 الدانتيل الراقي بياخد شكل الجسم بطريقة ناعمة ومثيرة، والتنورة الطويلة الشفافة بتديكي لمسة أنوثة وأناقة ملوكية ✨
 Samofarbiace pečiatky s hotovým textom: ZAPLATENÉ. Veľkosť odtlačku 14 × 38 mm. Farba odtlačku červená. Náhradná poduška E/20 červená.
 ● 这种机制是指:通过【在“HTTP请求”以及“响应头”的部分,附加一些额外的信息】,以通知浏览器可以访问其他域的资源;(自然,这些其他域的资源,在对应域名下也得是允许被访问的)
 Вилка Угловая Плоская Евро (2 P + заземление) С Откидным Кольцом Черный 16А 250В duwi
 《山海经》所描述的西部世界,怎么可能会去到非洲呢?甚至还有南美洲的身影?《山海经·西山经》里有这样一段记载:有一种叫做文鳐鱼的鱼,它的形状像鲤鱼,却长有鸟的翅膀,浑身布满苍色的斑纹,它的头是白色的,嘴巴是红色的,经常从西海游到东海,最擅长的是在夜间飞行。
============
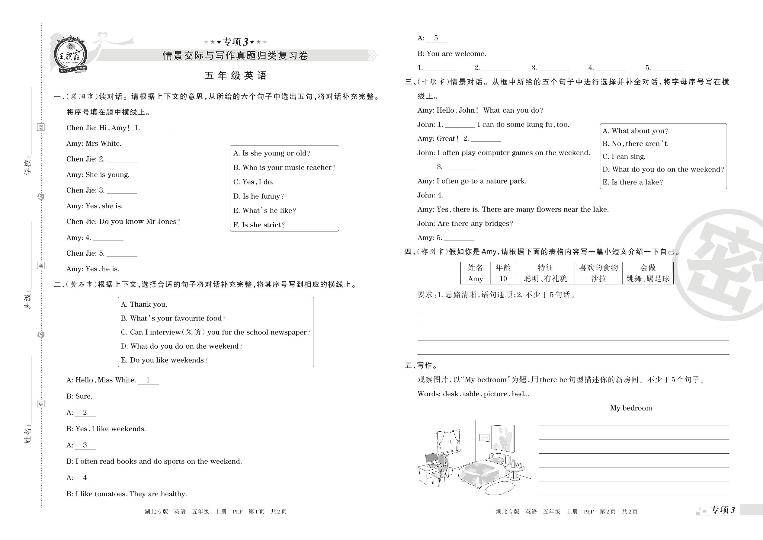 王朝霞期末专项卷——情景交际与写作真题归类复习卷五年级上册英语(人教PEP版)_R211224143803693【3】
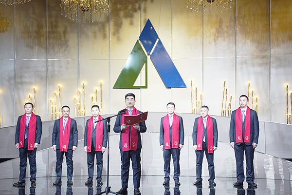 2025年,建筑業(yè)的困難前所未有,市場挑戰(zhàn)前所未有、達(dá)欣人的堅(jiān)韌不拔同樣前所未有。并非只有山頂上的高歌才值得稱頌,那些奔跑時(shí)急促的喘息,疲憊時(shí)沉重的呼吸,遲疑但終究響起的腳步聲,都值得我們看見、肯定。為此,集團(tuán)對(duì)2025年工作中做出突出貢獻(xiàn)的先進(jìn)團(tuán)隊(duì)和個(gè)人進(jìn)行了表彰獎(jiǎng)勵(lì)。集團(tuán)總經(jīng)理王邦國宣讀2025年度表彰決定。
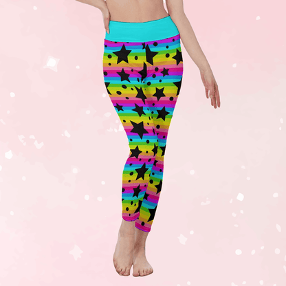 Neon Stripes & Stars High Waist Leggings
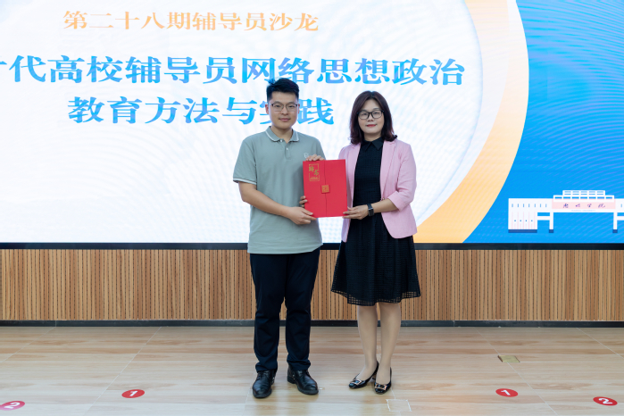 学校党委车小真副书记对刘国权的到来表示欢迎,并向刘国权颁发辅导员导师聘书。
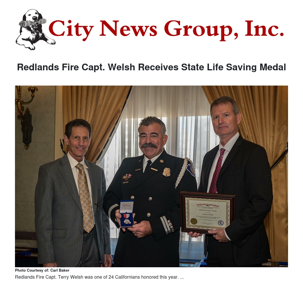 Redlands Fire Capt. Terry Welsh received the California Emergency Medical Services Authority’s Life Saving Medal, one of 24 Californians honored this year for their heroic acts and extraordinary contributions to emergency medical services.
============
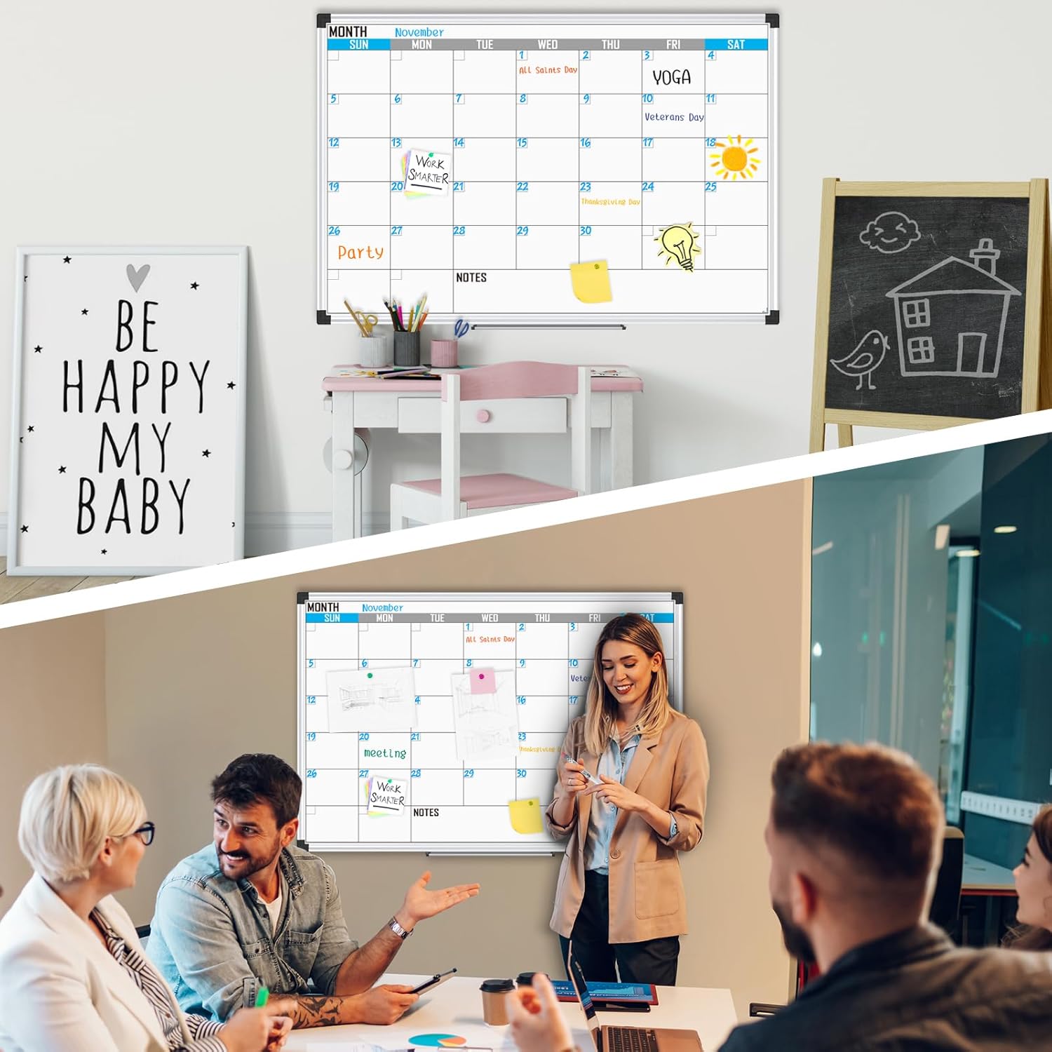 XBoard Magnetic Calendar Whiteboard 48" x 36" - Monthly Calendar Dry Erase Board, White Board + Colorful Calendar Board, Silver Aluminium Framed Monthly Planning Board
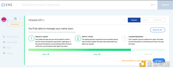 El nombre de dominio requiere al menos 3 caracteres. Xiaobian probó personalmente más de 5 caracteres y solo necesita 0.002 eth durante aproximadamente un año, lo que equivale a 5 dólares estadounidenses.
============
== Aim of the task ==
Starting at the line that contains "学校党委车小真副书记对刘国权的到来表示欢迎,并向刘国权颁发辅导员导师聘书。" and ending at the line that contains "Redlands Fire Capt.", transcribe the material above exactly, excluding pictures.

== Solution ==
 学校党委车小真副书记对刘国权的到来表示欢迎,并向刘国权颁发辅导员导师聘书。
 Redlands Fire Capt. Terry Welsh received the California Emergency Medical Services Authority’s Life Saving Medal, one of 24 Californians honored this year for their heroic acts and extraordinary contributions to emergency medical services.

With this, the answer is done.